*Work to complete*
Exact repetition of a range: find the line containing "AWS Strands Agents" and the line containing "Societa' delle Ferriere" in the material below, then repeat both and all lines between them, leaving pictures out.

*Extracted information*
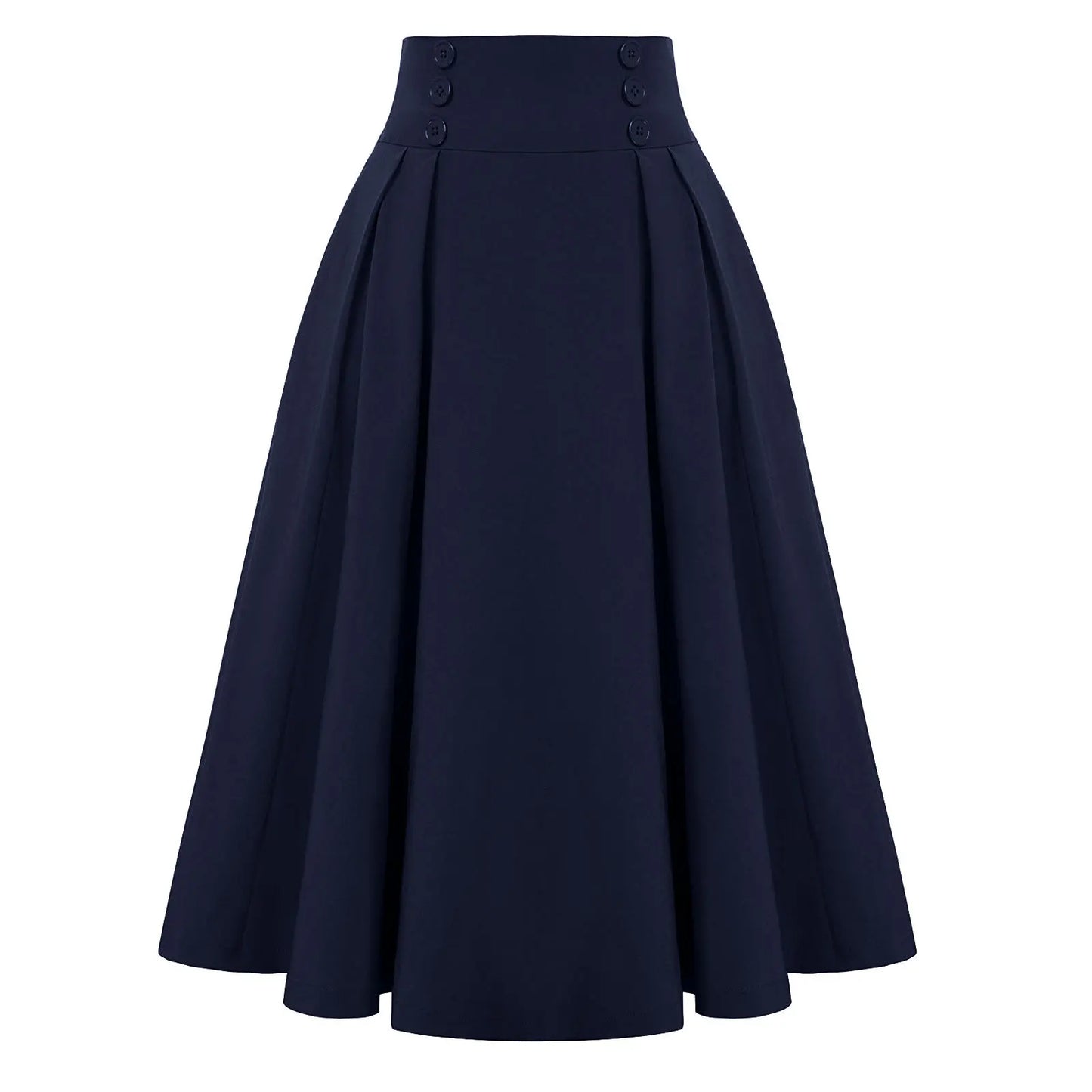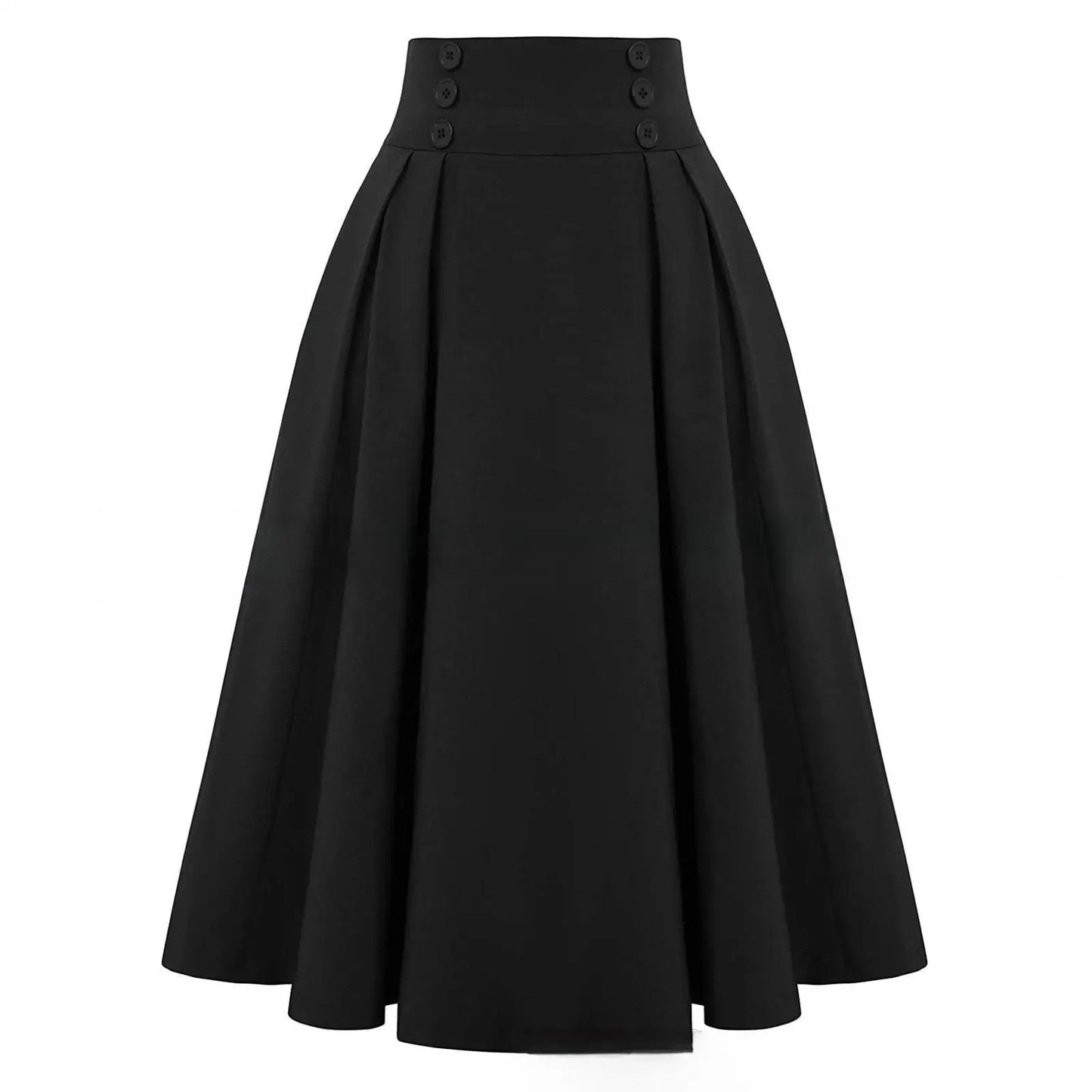 S-XXL European and American Fashion Casual Half Skirt Pleated Mid length Solid Color Half Skirt
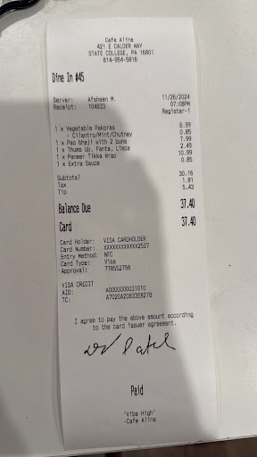 Read moreIf you're looking for truly authentic Pakistani and Indian cuisine in State College, Cafe Aline is the place to be. This locally loved restaurant is owned and run by Mr. Asim, a true maestro chef whose passion for cooking is evident in every dish he serves. Mr. Asim brings the rich, vibrant flavors of South Asia to life with remarkable skill and dedication. His commitment to authenticity and quality is unmatche, from the carefully balanced spices to the warm, comforting presentation of each plate. Every dish is prepared using zabiha halal ingredients, honoring tradition and providing peace of mind to those who care about how their food is sourced. Whether you're indulging in a fragrant biryani, savoring a creamy curry, or simply enjoying a hot cup of chai, you'll immediately notice the depth of flavor and heart that goes into the food. Cafe Aline isn’t just a restaurant — it’s an experience, built on culture, care, and culinary mastery. A huge thank you to Mr. Asim for bringing such an authentic and soul-satisfying dining experience to State College. Highly recommended for anyone who appreciates genuine South Asian cuisine!
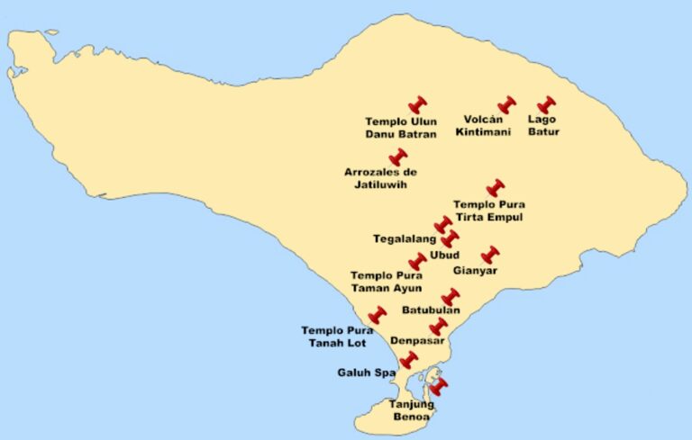 Viajé en el mes de febrero con 2 amigos. El tiempo era perfecto porque evitamos la temporada de lluvias de los monzones. Llegamos al aeropuerto de Denpasar (la capital) después de casi 12 horas de viaje, desde Madrid. Durante los 10 días que permanecimos en la isla visitamos diferentes lugares con excursiones particulares y guías locales a muy buen precio, tras negociar. Adjunto el mapa con los lugares que visitamos:
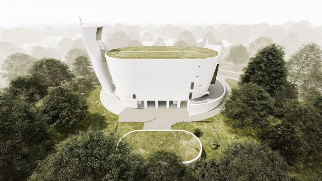 Architektonické řešení zpracoval architekt Zdeněk Fránek, držitel ocenění Architekt roku 2020 za celoživotní dílo. Samotný vstup do objektu upoutá pozornost čtyřdílným oknem, které symbolizuje čtyři evangelisty. Architektura lodi kostela připomíná archu, zatímco věž evokuje postavu, která se dotýká tajemství Boha ve světě a čase. Předobrazem je tvar gotických madon, kdy madona drží dítě, a tak se dotýká tajemství Boha i člověka. Po obvodu svatyně ve spirále stoupá bezbariérová stezka, stejně jako se ve spirále mezi zemí a nebem vyvíjí lidský život. Tato stezka se využije ke galerijním akcím a bezbariérovému přístupu k provozním místnostem určeným k setkávání.
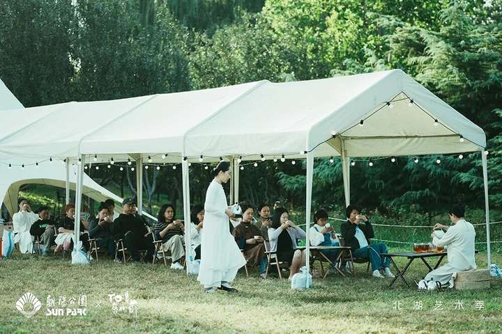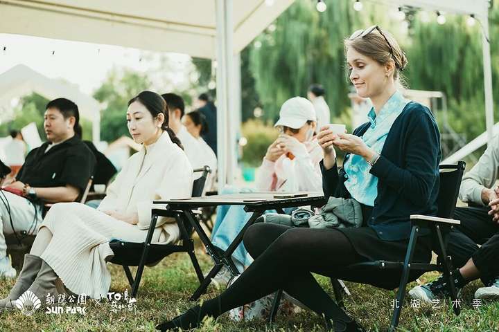 本次艺术季特邀“和静茶修”于北湖草坪打造一处特别的户外茶修空间,由创始人王琼每日于不同时段主持茶修雅集。她深谙茶道精神,以茶为媒,引导参与者暂离日常喧嚣,步入以茶观心的静谧时光。这不仅是一次品茗体验,更是一场回归内心秩序、安顿身心的美学修行。
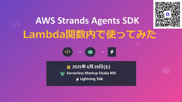 AWS Strands Agents SDK Lambda関数内で使ってみた → → 2025年 6⽉28⽇(⼟) Serverless
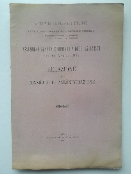 Societa' delle Ferriere italiane. Assemblea generale ordinaria degli azionisti del 24 aprile 1883. Relazione del Consiglio di Amministrazione
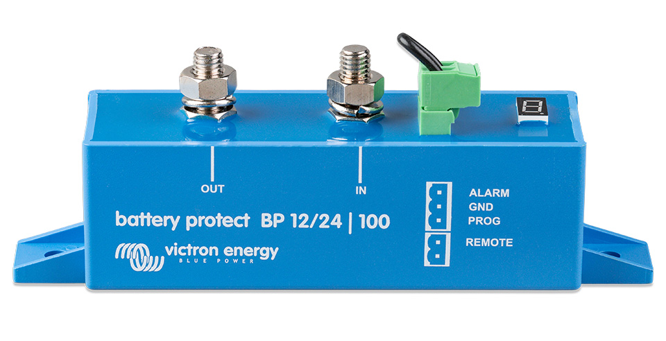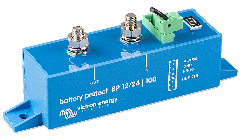Устройства для защиты аккумуляторных батарей от чрезмерного разряда. Отключают нагрузку при достижении напряжения аккумуляторной батареи заданного пользователем уровня, предохраняя, таким образом, батарею от повреждения, вызванного глубоким разрядом и(или) сохраняя в ней заряд, достаточный для запуска двигателя. Уровень напряжения отключения задается переключателями на корпусе устройств и отображается на дисплее. Совместимы как с традиционными свинцово-кислотными, так и с литиевыми батареями. Отличаются чрезвычайно низким собственным энергопотреблением. Обеспечивают защиту от перенапряжения - нагрузка будет автоматически отключена если напряжение на батарее по каким-то причинам поднимется до 16 В или 32 В (при номинале 12 В или 24 В). Возможность подключения световой или звуковой сигнализации о падении напряжения ниже заданного уровня (имеет 12-секундную задержку, таким образом кратковременное падение напряжения во время запуска двигателя не приведет к срабатыванию сигнализации). 1,5-минутная задержка отключения для предотвращения ложных срабатываний. Напряжение питания: 6-36 В. Максимально коммутируемый ток (продолжительно): 65, 100, 220 А. Максимально коммутируемый ток (в течение 30 секунд): 250, 600, 600 А. Потребляемый ток (нагрузка включена/нагрузка выключена): 1,5/0,6 мА. Уровень защиты: IP67. Производитель: "Victron energy".

*Answer to this task*
 AWS Strands Agents SDK Lambda関数内で使ってみた → → 2025年 6⽉28⽇(⼟) Serverless
 Societa' delle Ferriere italiane. Assemblea generale ordinaria degli azionisti del 24 aprile 1883. Relazione del Consiglio di Amministrazione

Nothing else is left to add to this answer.